> _Your objective_:
Make a verbatim copy of the records; pictures stay out.

> _Records provided_:
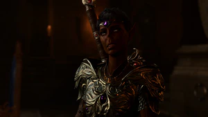 - ↑ The game asset used for the portrait item is a renamed version of the painting item "Portrait Of A Woman". Dialogue with Wyll implies that this portrait is still accurate to what she looked like, albeit at a younger age.
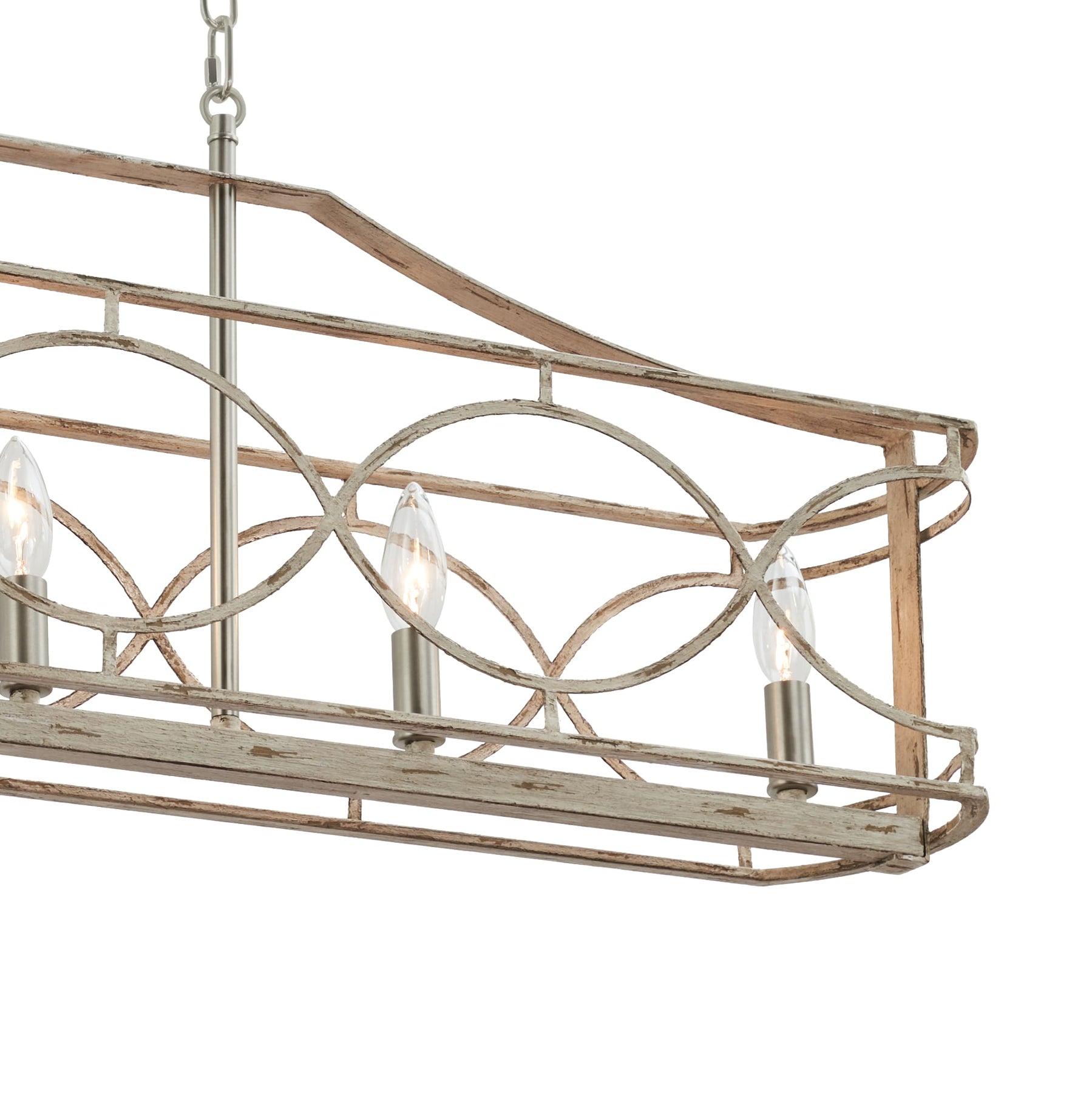 Let your interiors bask in coastal elegance with the Adelgade Chandelier. Its distressed antique white finish and graceful lines evoke the easy charm of the seaside. Playful, yet sophisticated, this chandelier makes a statement over a dining table or can anchor a kitchen island with its refined light. Illuminate your space with its inviting glow, ensuring dreamy, luxurious living.
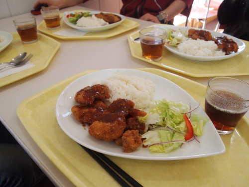 で、梶研吾先生、女優の上良早紀さん、俳優の白鳥祐司さんと4人で学食ランチに行くことに。いやあ学食なんて何年ぶりだろ…。ほんと安くて美味い。学食の全ての席にコンセントが常備してあるのがいいですね。さすが工科大学。
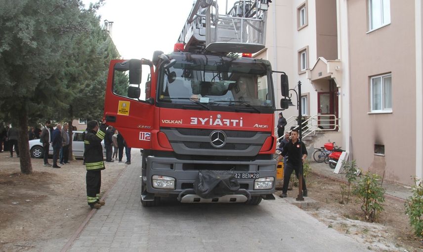 Konya'nın Beyşehir ilçesinde 4 katlı binada çıkan yangında yaralanan kadın hastaneye kaldırıldı. Olay yerine yönlendirilen ekipler, binanın üst katlarında mahsur kalanları itfaiye aracının merdiveniyle tahliye etti.
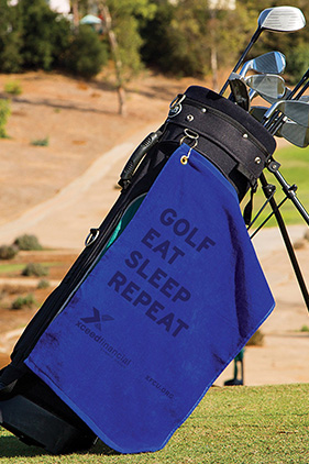 This golf towel will "drive" your business down the fairway!
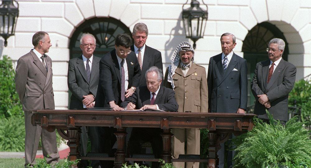 In 1993, leader of the Palestine Liberation Organization (PLO) Yassir Arafat embraced the two-state solution, as did Israel’s then prime minister Yitzhak Rabin. The Oslo Accords were signed and in 1994 the Nobel peace prize was awarded to Rabin, Arafat, and Shimon Peres, who was the brain behind the historic agreement. The idea—a state each for Israelis and Palestinians—was the first plan that made it seem like a solution for an endless, costly conflict between two peoples claiming the same land could be found by mutual agreement.
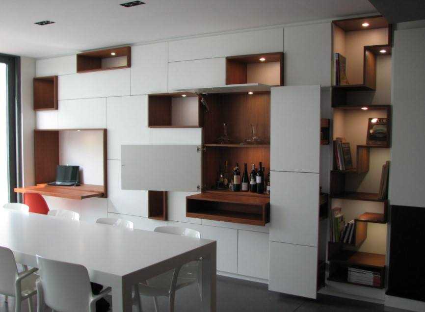 Утопленная в стену конструкция, может предоставить, как открытое, так и закрытое хранение одежды.При разделении углубления на секции, в них можно демонстративно расставить красивую посуду, изящные статуэтки или памятные сувениры.
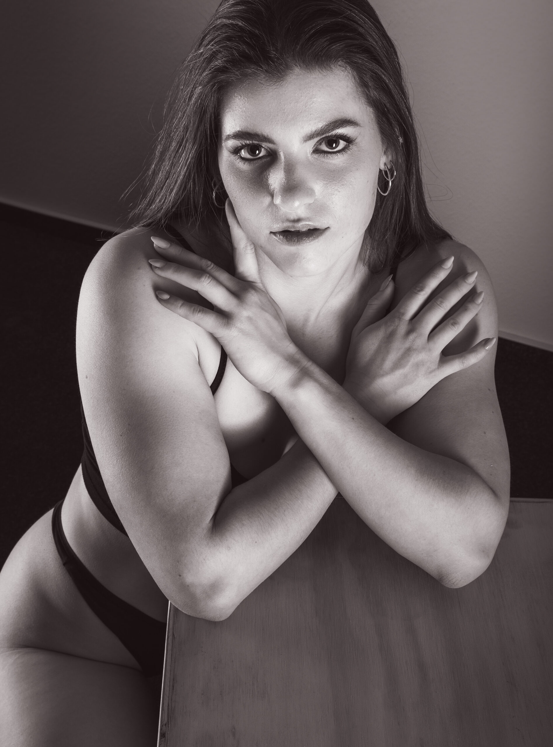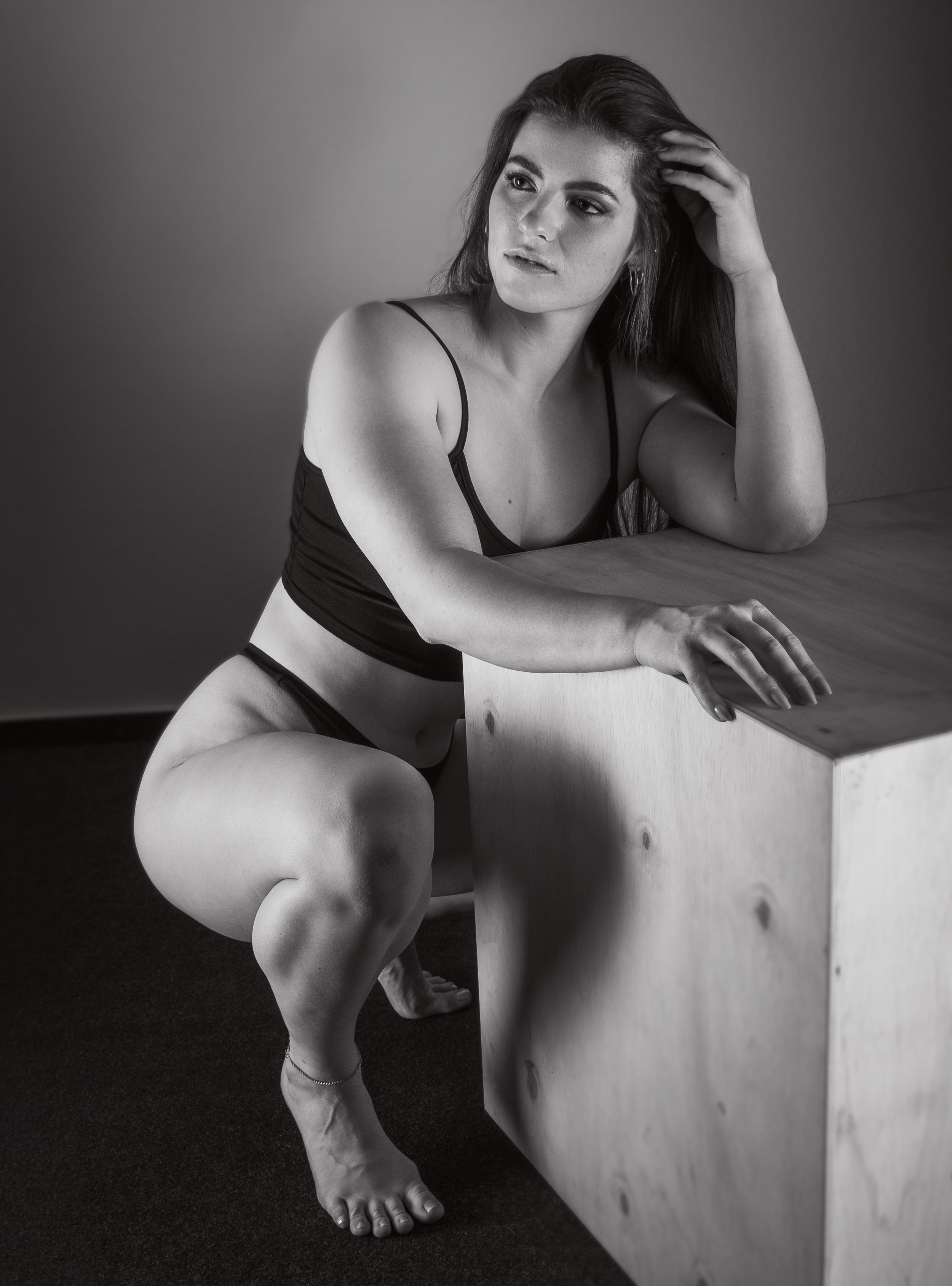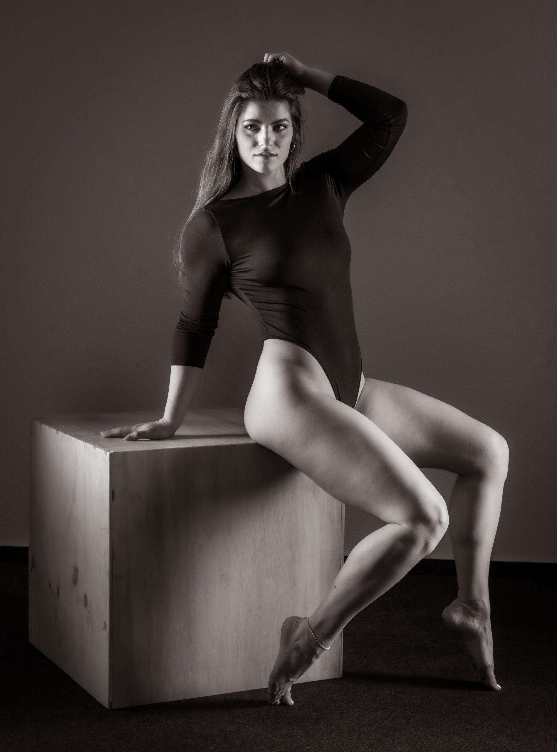 Im Studio entsteht mit Athletin Katja eine Serie klarer, kraftvoller und ausdruckstarker Portraits. Das Würfel‑Setup bringt Struktur und Spannung ins Bild, während Katjas Präsenz und Körperkontrolle den Fokus auf pure Athletik legen.
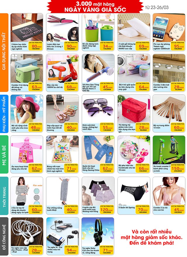 Một vài mặt hàng giá sốc trong chương trình Ngày vàng giá sốc.
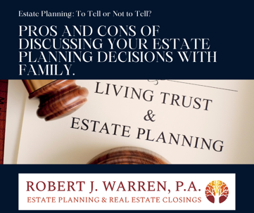 At the Law Office of Robert J. Warren, we can help ensure that your plan aligns with your goals and discuss with you the potential consequences of sharing your plan details with loved ones. Contact today at 352-377-6600, or through our website at www.robertjwarren.com.
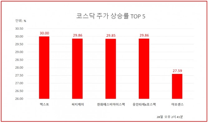 28일 오후 2시 41분 현재 코스닥 상승률 상위 50개 종목은 다음과 같다.
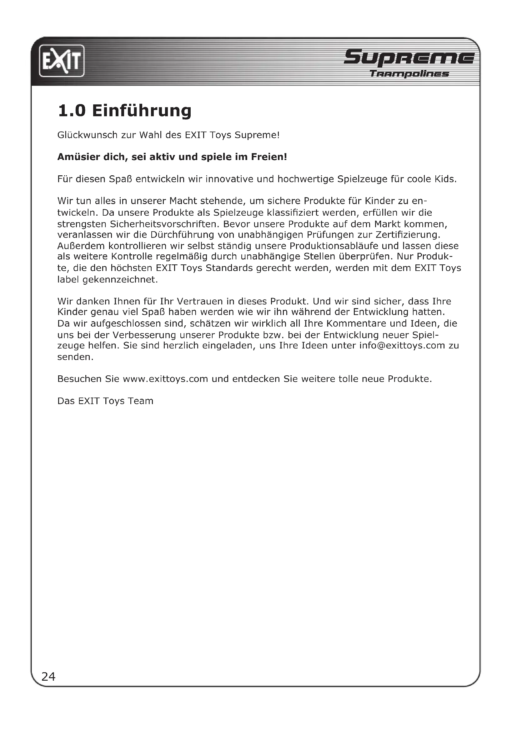 - Der Besitzer des EXIT Toys Trampolin kann nur Anspruch auf die Garantie erheben, indem er das Produkt dem EXIT Toys Handler zur Begutachtung zur Verfugung stellt. Hierzu muss dem EXIT Toys Handler der original Kaufquittung übergeben werden.
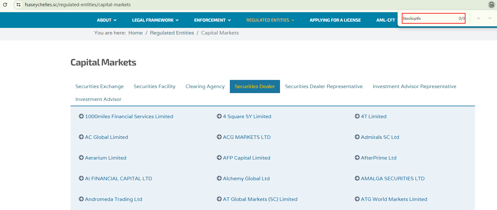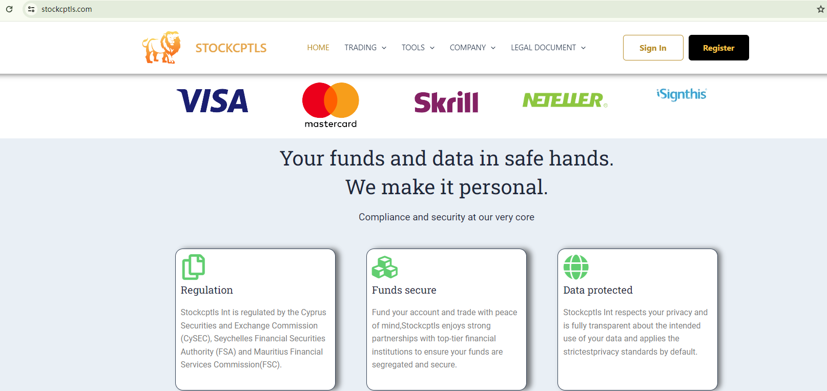 On one hand, the broker purports to be regulated by the Cyprus Securities and Exchange Commission (CySEC), the Seychelles Financial Services Authority (Seychelles FSA), and the Mauritius Financial Services Commission (Mauritius FSC). However, there are no records of "Stockcptls" in the registers of these authorities, suggesting that these claims are unfounded.
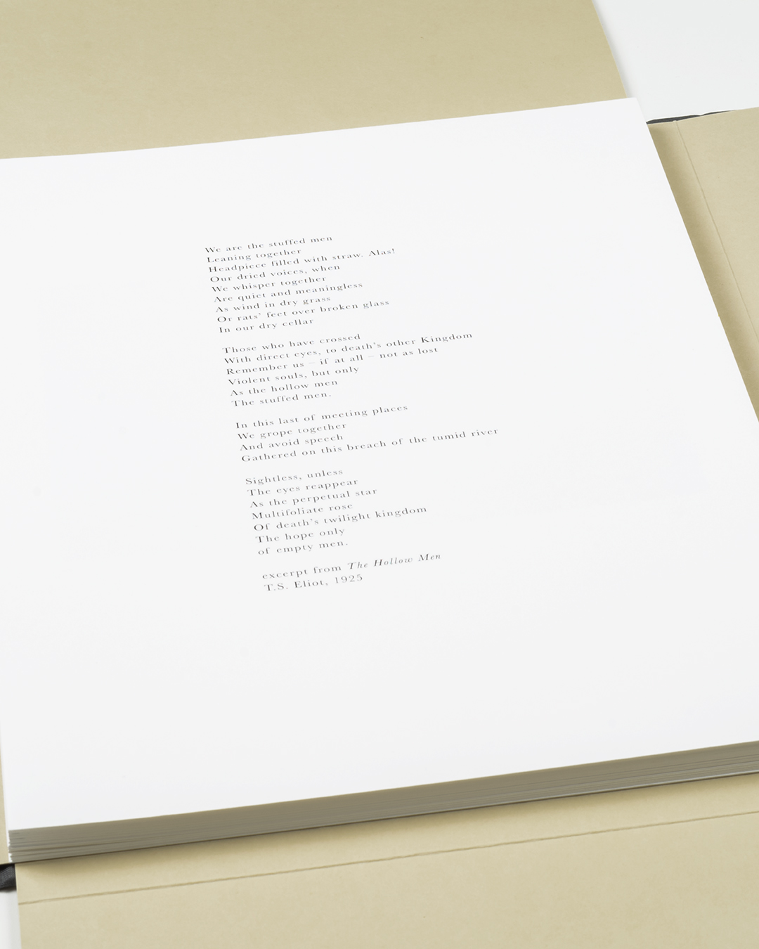 1 text sheet of an excerpt from The Hollow Men by T.S. Eliot, 1925 on Canson Rag Photographique
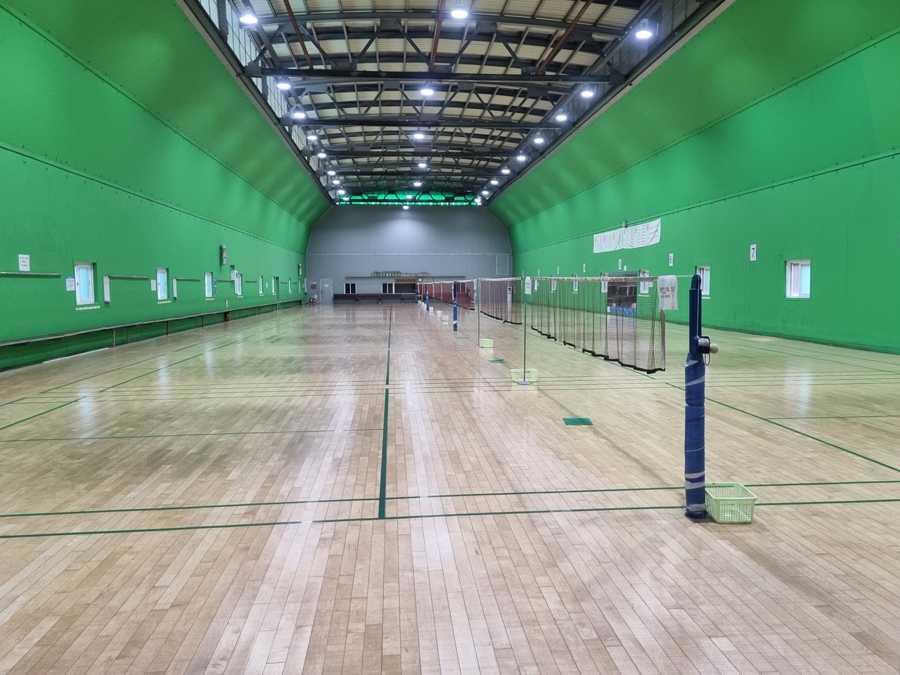 안내데스크, 배드민턴 9면, 샤워장, 사무실 등
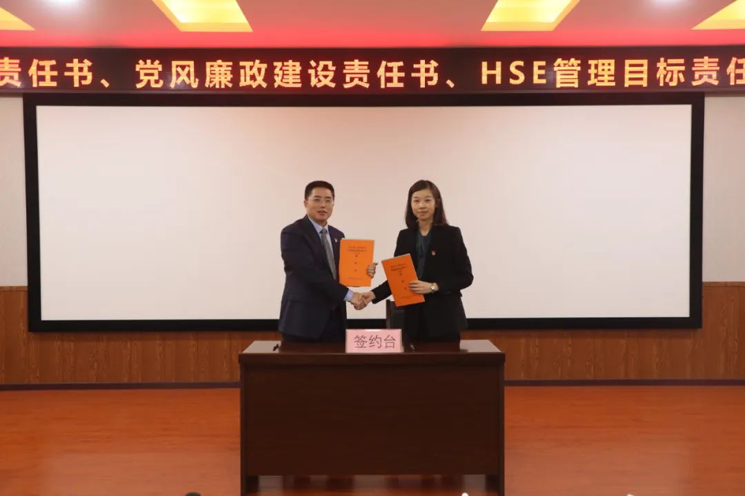 會上,公司主要領導與分管領導、分管領導與中層干部簽訂了《2023年目標責任書》《2023年黨風廉政建設責任書》和《HSE管理目標責任書》。此次會議的召開,為公司推進2023年工作良好開局、落實新修訂的“十四五”規劃凝聚了共識,指明了方向。(黨群紀檢審計部)
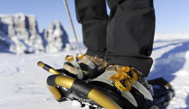 Experience a moderate snowshoe hike through the winter landscape of the Dolomites. We start at the valley station of the Marinzen cable car (the cable car is not used) and hike for about two hours to the Alpin Marinzen Hut, where you can stop for a break and refreshments. Afterwards, we return together to Kastelruth.
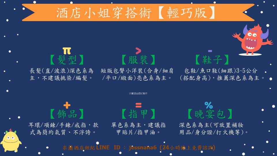看看其他公關的素質與裝扮,也會知道自己的定位在哪裡,並且可以看到客人層次與管理制度。

> _Answer to this problem_:
 - ↑ The game asset used for the portrait item is a renamed version of the painting item "Portrait Of A Woman". Dialogue with Wyll implies that this portrait is still accurate to what she looked like, albeit at a younger age.
 Let your interiors bask in coastal elegance with the Adelgade Chandelier. Its distressed antique white finish and graceful lines evoke the easy charm of the seaside. Playful, yet sophisticated, this chandelier makes a statement over a dining table or can anchor a kitchen island with its refined light. Illuminate your space with its inviting glow, ensuring dreamy, luxurious living.
 で、梶研吾先生、女優の上良早紀さん、俳優の白鳥祐司さんと4人で学食ランチに行くことに。いやあ学食なんて何年ぶりだろ…。ほんと安くて美味い。学食の全ての席にコンセントが常備してあるのがいいですね。さすが工科大学。
 Konya'nın Beyşehir ilçesinde 4 katlı binada çıkan yangında yaralanan kadın hastaneye kaldırıldı. Olay yerine yönlendirilen ekipler, binanın üst katlarında mahsur kalanları itfaiye aracının merdiveniyle tahliye etti.
 This golf towel will "drive" your business down the fairway!
 In 1993, leader of the Palestine Liberation Organization (PLO) Yassir Arafat embraced the two-state solution, as did Israel’s then prime minister Yitzhak Rabin. The Oslo Accords were signed and in 1994 the Nobel peace prize was awarded to Rabin, Arafat, and Shimon Peres, who was the brain behind the historic agreement. The idea—a state each for Israelis and Palestinians—was the first plan that made it seem like a solution for an endless, costly conflict between two peoples claiming the same land could be found by mutual agreement.
 Утопленная в стену конструкция, может предоставить, как открытое, так и закрытое хранение одежды.При разделении углубления на секции, в них можно демонстративно расставить красивую посуду, изящные статуэтки или памятные сувениры.
 Im Studio entsteht mit Athletin Katja eine Serie klarer, kraftvoller und ausdruckstarker Portraits. Das Würfel‑Setup bringt Struktur und Spannung ins Bild, während Katjas Präsenz und Körperkontrolle den Fokus auf pure Athletik legen.
 Một vài mặt hàng giá sốc trong chương trình Ngày vàng giá sốc.
 At the Law Office of Robert J. Warren, we can help ensure that your plan aligns with your goals and discuss with you the potential consequences of sharing your plan details with loved ones. Contact today at 352-377-6600, or through our website at www.robertjwarren.com.
 28일 오후 2시 41분 현재 코스닥 상승률 상위 50개 종목은 다음과 같다.
 - Der Besitzer des EXIT Toys Trampolin kann nur Anspruch auf die Garantie erheben, indem er das Produkt dem EXIT Toys Handler zur Begutachtung zur Verfugung stellt. Hierzu muss dem EXIT Toys Handler der original Kaufquittung übergeben werden.
 On one hand, the broker purports to be regulated by the Cyprus Securities and Exchange Commission (CySEC), the Seychelles Financial Services Authority (Seychelles FSA), and the Mauritius Financial Services Commission (Mauritius FSC). However, there are no records of "Stockcptls" in the registers of these authorities, suggesting that these claims are unfounded.
 1 text sheet of an excerpt from The Hollow Men by T.S. Eliot, 1925 on Canson Rag Photographique
 안내데스크, 배드민턴 9면, 샤워장, 사무실 등
 會上,公司主要領導與分管領導、分管領導與中層干部簽訂了《2023年目標責任書》《2023年黨風廉政建設責任書》和《HSE管理目標責任書》。此次會議的召開,為公司推進2023年工作良好開局、落實新修訂的“十四五”規劃凝聚了共識,指明了方向。(黨群紀檢審計部)
 Experience a moderate snowshoe hike through the winter landscape of the Dolomites. We start at the valley station of the Marinzen cable car (the cable car is not used) and hike for about two hours to the Alpin Marinzen Hut, where you can stop for a break and refreshments. Afterwards, we return together to Kastelruth.
看看其他公關的素質與裝扮,也會知道自己的定位在哪裡,並且可以看到客人層次與管理制度。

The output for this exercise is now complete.